Che ingenuità credere che ci si possa limitare a dei desideri descrivibili.

Immani le fatiche di quanti si ingegnano a cambiare i loro desideri per offuscare quelli dei loro nemici.

Di frequente capita che si scambi il tempo per un portatore di futuro: talora lo si agita prima dell’uso.

Gradualmente si impara a vivere, con anni di ritardo rispetto alla temporalità.

Lo spazio è in libertà, non così il tempo.

La poesia: ogni parola la definisce, ma dopo si fa avanti la parola successiva.

Sentirsi nelle mani del proprio essere, un corpo intonato o stonato alle prese con l’intangibile: la realtà.

Il corpo: se ne parla ma rimane inascoltato.

Chissà perchè rispettare il corpo non è lo stesso che rispettare la mente.

Che cosa ha in mente il nostro cervello quando si sforza di estromettere la nostra persona?

Trattenere la follia che è in noi: un pendolo che oscilla indesiderato.

Consuma il cervello la follia, ma non lo fa sparire.

Il riso – in sé – non è spiritoso.

Fonte di piacere l’alterità?

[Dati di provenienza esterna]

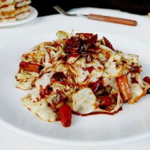 卷心菜本菜是清清爽爽嘎嘣脆的,外头存在感很强的汁是甜咸油润带一丢丢辣的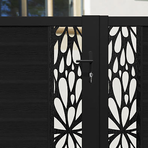 Classic Blossom Straight Top Driveway Gate Black - Middle Screen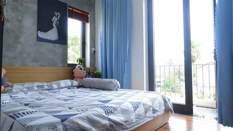 Những vạt nắng xuyên qua cửa kính mang hơi ấm vào phòng ngủ của vợ chồng trẻ, góp phần vẽ nên những ngày yêu thương, hạnh phúc đến từ những điều tự nhiên, giản dị.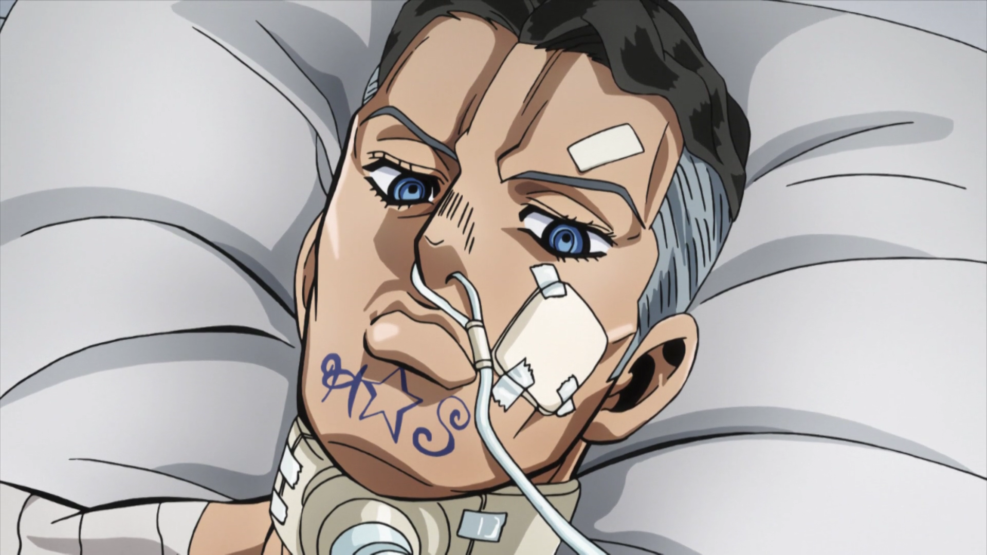 Josuke is angrily reprimanded by the girls and talked down to by Yuya, who demonstrates his enhanced sense of smell by pointing out a rotten peach, detecting which girl is on her period, and smelling the adrenaline caused by someone's anger. Yuya tries to determine which of his fangirls is the angry one, only to learn that it's actually Josuke, who'd been drinking from Yuya's IV bag to replenish himself. Josuke reveals that he has enough strength for Crazy Diamond to punch faster than Highway Star can run, and forces Yuya to release Rohan before preparing to beat the smug thug up. Yuya and co. point out that it would be cowardly for Josuke to attack a crippled man, at which point Josuke reveals that Crazy Diamond already healed him. Josuke beats Yuya senseless and throws him into the fountain right outside the hospital entrance, prolonging his stay; the narrator explains that Yuya is now unable to use Highway Star or else Josuke will kick his ass. Back at the tunnel, Josuke uses Crazy Diamond to heal Rohan, who condescendingly states that he would've preferred dying. Koichi takes his dog Police out for a walk to end the day, while back at the Kosaku household, Shinobu notices a stray British Blue cat that wandered into their basement.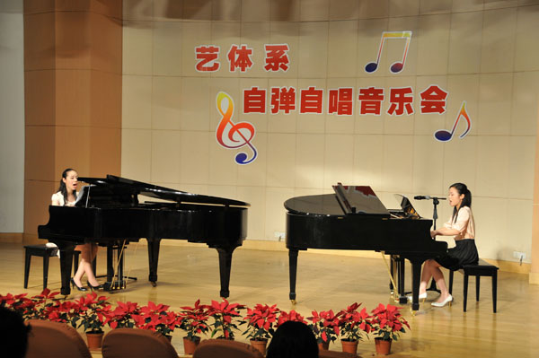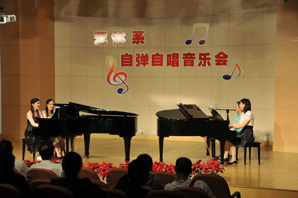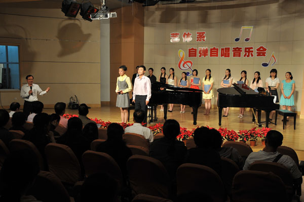 会后,各位代表在综合楼四楼报告厅观摩了艺体系自弹自唱音乐会。音乐专业的同学们表演了14首中外名曲,全方位、多角度地展示了多盈体育弹唱教学的成果,获得了与会代表的高度赞扬。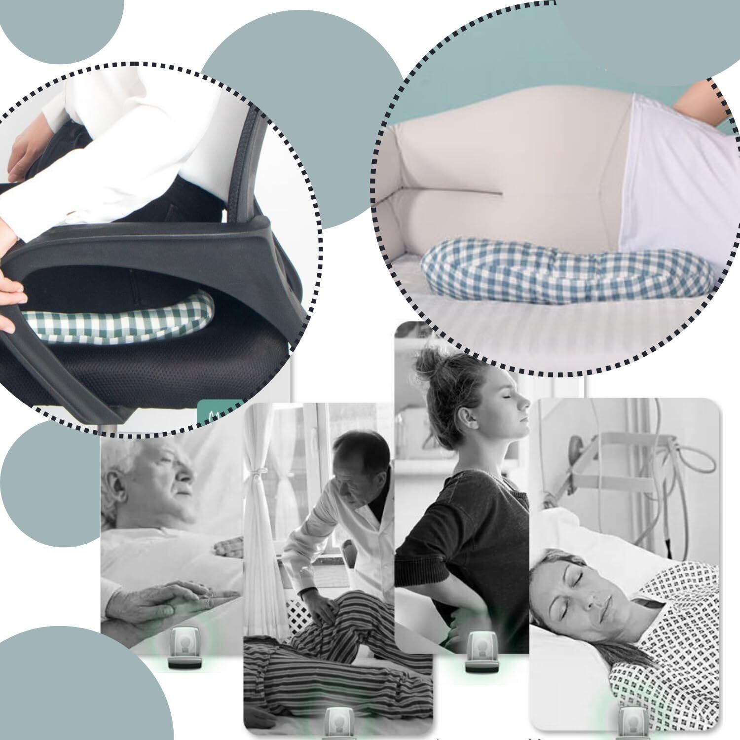 【床ずれの緩和に】治りにくい床ずれを緩和するクッション。寝たきりなどにより圧迫されている箇所の血流が悪くなり発生する褥瘡の予防・緩和に役立ちます。四角い枕の中央には円形の開口部がありお尻に敷くことで仙骨の痛みを和らげる他、頭部や腰など身体のあらゆる部位の痛み緩和のサポートをいたします

La si metta alla prova e dopo di che si faccia il bilancio: sono vittorie risicate.

Vasti il mondo e la terra e quindi, in fondo, introvabili.

Ogni mattina il mondo resta da fare, non da completare.

Che cosa ci racconta l’esistente? che il mondo, diversamente da dio, non si è assopito.

L’accettazione del nulla è inutile quanto il nulla.